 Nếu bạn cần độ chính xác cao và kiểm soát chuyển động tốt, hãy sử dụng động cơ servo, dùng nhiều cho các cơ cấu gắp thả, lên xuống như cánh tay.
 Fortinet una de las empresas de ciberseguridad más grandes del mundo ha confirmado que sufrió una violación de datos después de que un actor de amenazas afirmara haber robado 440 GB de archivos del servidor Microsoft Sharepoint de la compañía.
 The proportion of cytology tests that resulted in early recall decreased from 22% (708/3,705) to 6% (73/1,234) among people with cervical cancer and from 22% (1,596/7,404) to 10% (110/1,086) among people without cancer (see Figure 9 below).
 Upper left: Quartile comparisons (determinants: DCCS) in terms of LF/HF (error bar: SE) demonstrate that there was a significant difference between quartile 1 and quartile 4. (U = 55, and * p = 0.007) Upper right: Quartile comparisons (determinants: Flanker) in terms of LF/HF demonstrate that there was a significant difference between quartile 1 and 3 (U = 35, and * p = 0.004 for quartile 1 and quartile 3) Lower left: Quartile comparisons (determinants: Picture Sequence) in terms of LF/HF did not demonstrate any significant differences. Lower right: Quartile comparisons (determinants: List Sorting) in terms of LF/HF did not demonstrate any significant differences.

_ _ _

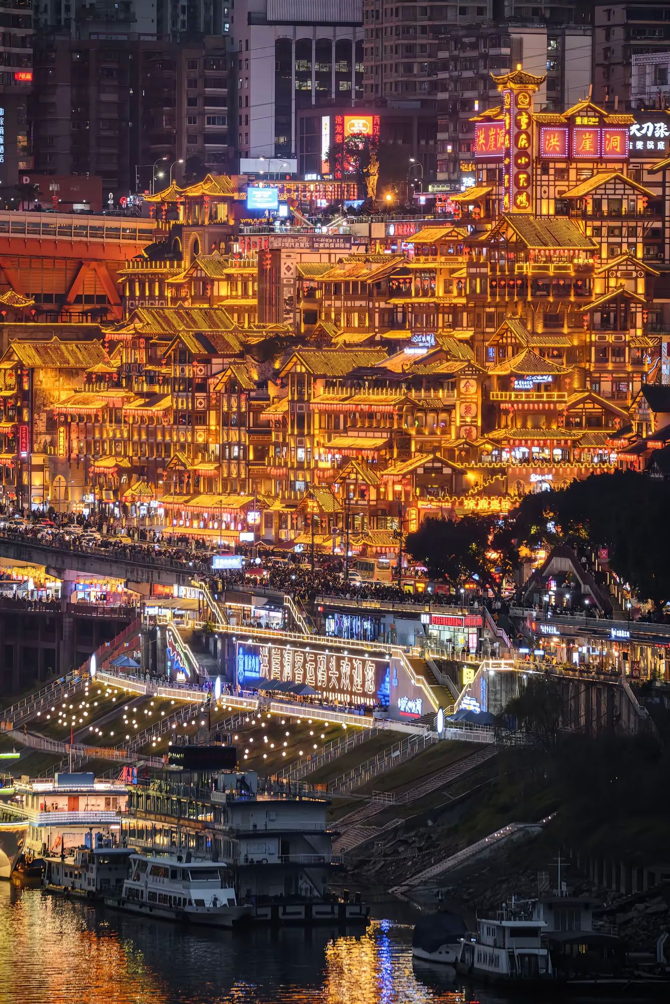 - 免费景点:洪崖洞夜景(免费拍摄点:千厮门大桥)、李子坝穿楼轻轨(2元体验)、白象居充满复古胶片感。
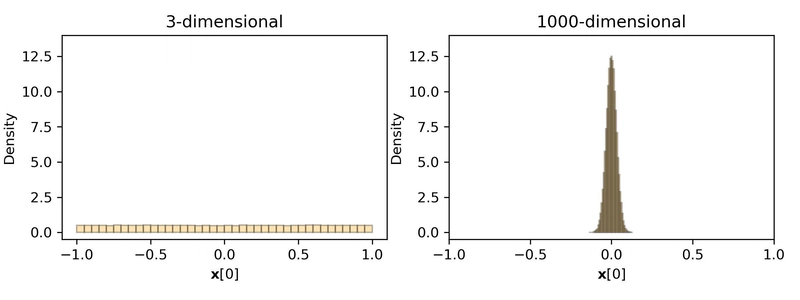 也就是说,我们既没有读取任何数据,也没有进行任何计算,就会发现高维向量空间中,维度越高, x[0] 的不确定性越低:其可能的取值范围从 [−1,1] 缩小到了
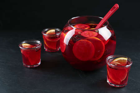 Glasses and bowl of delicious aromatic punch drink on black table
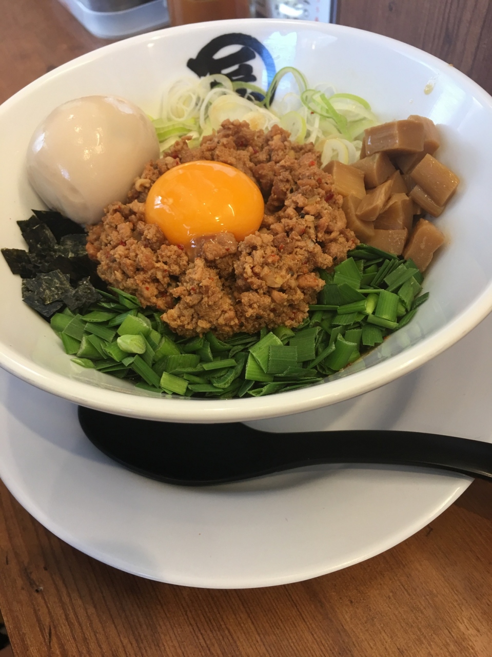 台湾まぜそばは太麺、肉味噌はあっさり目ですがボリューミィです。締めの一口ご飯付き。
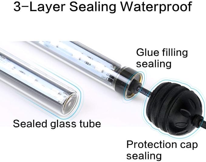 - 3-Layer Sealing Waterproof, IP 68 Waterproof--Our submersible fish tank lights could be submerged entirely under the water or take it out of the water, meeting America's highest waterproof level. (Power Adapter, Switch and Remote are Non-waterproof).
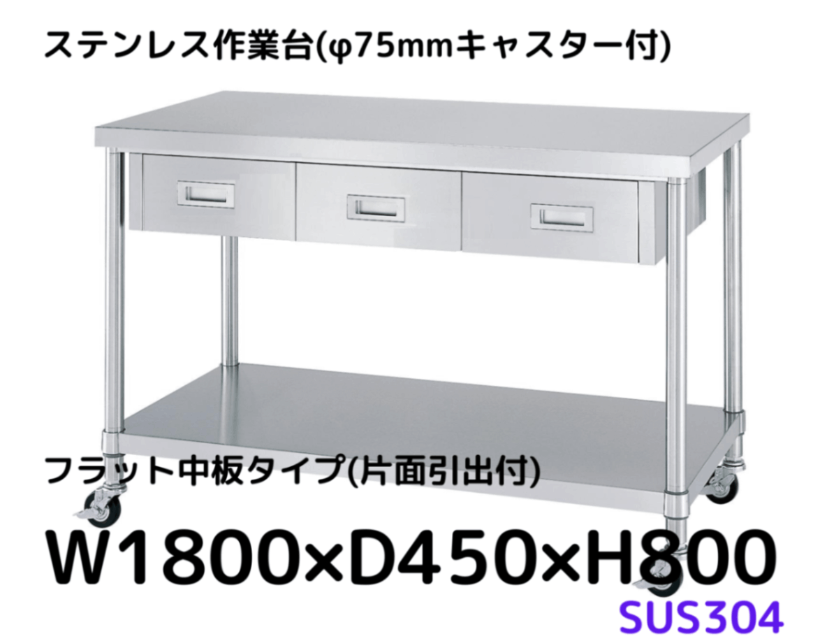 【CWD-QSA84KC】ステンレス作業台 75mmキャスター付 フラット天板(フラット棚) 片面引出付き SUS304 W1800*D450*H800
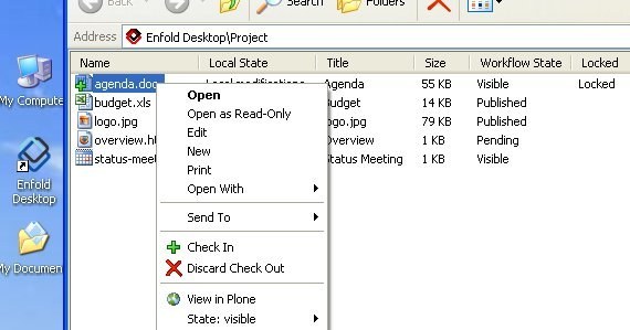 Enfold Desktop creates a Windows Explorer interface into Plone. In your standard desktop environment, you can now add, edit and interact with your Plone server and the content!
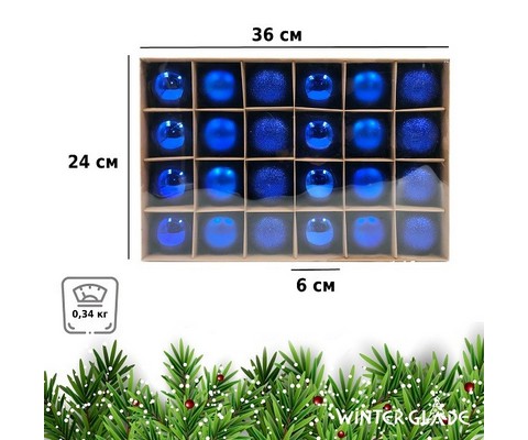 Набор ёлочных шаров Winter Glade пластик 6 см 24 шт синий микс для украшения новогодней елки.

_ _ _

■ **WHAT IS BEING ASKED**: Each line above that falls between the line with "Glasses and bowl" and the line with "Набор ёлочных шаров" should be printed exactly, together with those two lines, but the pictures should not.

■ **RESULT BELOW**:
 Glasses and bowl of delicious aromatic punch drink on black table
 台湾まぜそばは太麺、肉味噌はあっさり目ですがボリューミィです。締めの一口ご飯付き。
 - 3-Layer Sealing Waterproof, IP 68 Waterproof--Our submersible fish tank lights could be submerged entirely under the water or take it out of the water, meeting America's highest waterproof level. (Power Adapter, Switch and Remote are Non-waterproof).
 【CWD-QSA84KC】ステンレス作業台 75mmキャスター付 フラット天板(フラット棚) 片面引出付き SUS304 W1800*D450*H800
 Enfold Desktop creates a Windows Explorer interface into Plone. In your standard desktop environment, you can now add, edit and interact with your Plone server and the content!
 Набор ёлочных шаров Winter Glade пластик 6 см 24 шт синий микс для украшения новогодней елки.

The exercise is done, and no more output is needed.